:: Work to be completed ::
Only those lines in the data below from the line containing "Lindas flores roxas" through the line containing "[in Ukrainian]. |", both included, should be restated word for word.

:: Records for processing ::

====

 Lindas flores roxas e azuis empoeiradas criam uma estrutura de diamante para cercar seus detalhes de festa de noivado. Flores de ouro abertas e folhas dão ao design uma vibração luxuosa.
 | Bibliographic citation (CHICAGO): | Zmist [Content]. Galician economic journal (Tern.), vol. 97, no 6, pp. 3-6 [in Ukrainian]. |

====

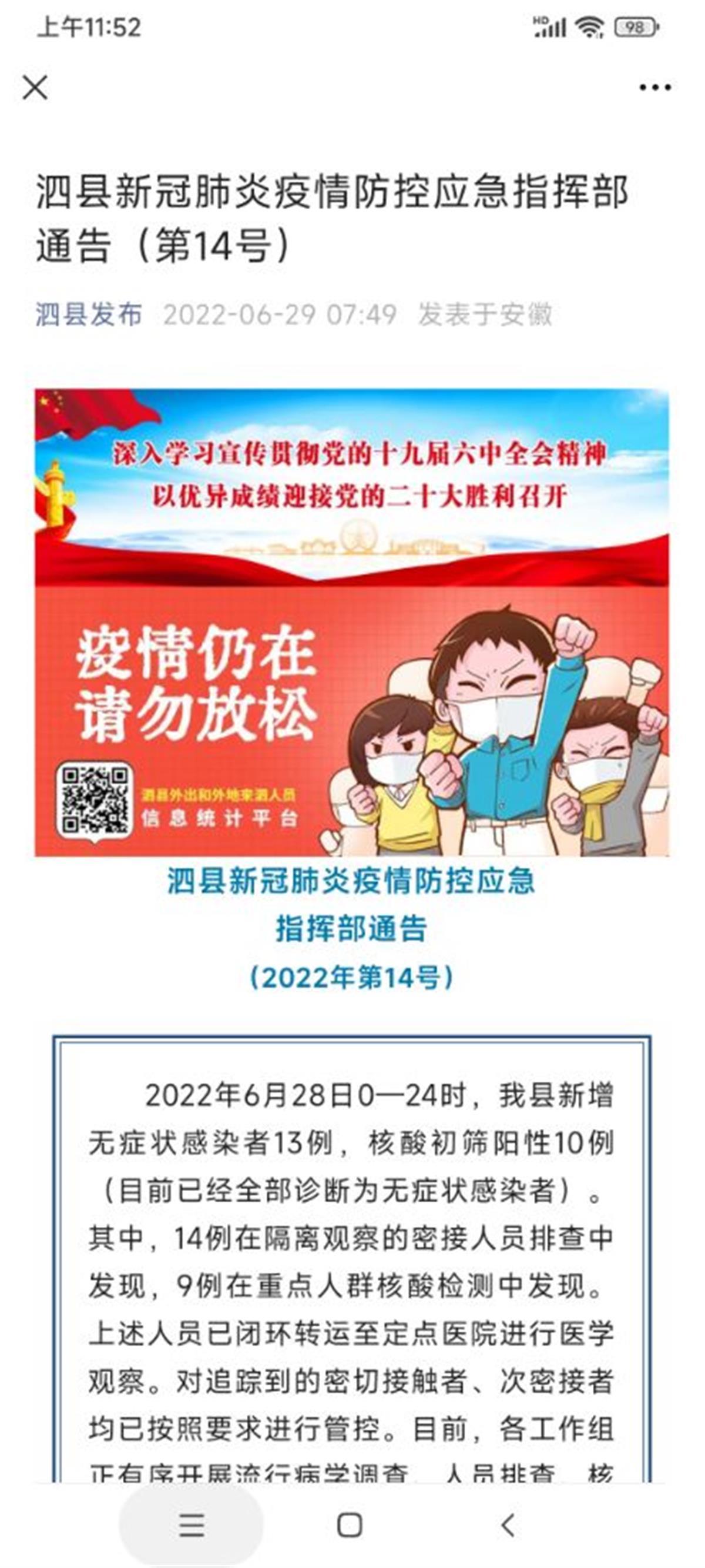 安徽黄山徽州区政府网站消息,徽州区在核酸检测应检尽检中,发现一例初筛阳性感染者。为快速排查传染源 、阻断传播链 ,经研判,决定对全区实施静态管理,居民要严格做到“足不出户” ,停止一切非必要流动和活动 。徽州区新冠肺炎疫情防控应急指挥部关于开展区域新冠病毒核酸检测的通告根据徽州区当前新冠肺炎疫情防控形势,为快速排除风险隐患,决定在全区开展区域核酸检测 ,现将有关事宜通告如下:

====

:: Written solution ::
 Lindas flores roxas e azuis empoeiradas criam uma estrutura de diamante para cercar seus detalhes de festa de noivado. Flores de ouro abertas e folhas dão ao design uma vibração luxuosa.
 | Bibliographic citation (CHICAGO): | Zmist [Content]. Galician economic journal (Tern.), vol. 97, no 6, pp. 3-6 [in Ukrainian]. |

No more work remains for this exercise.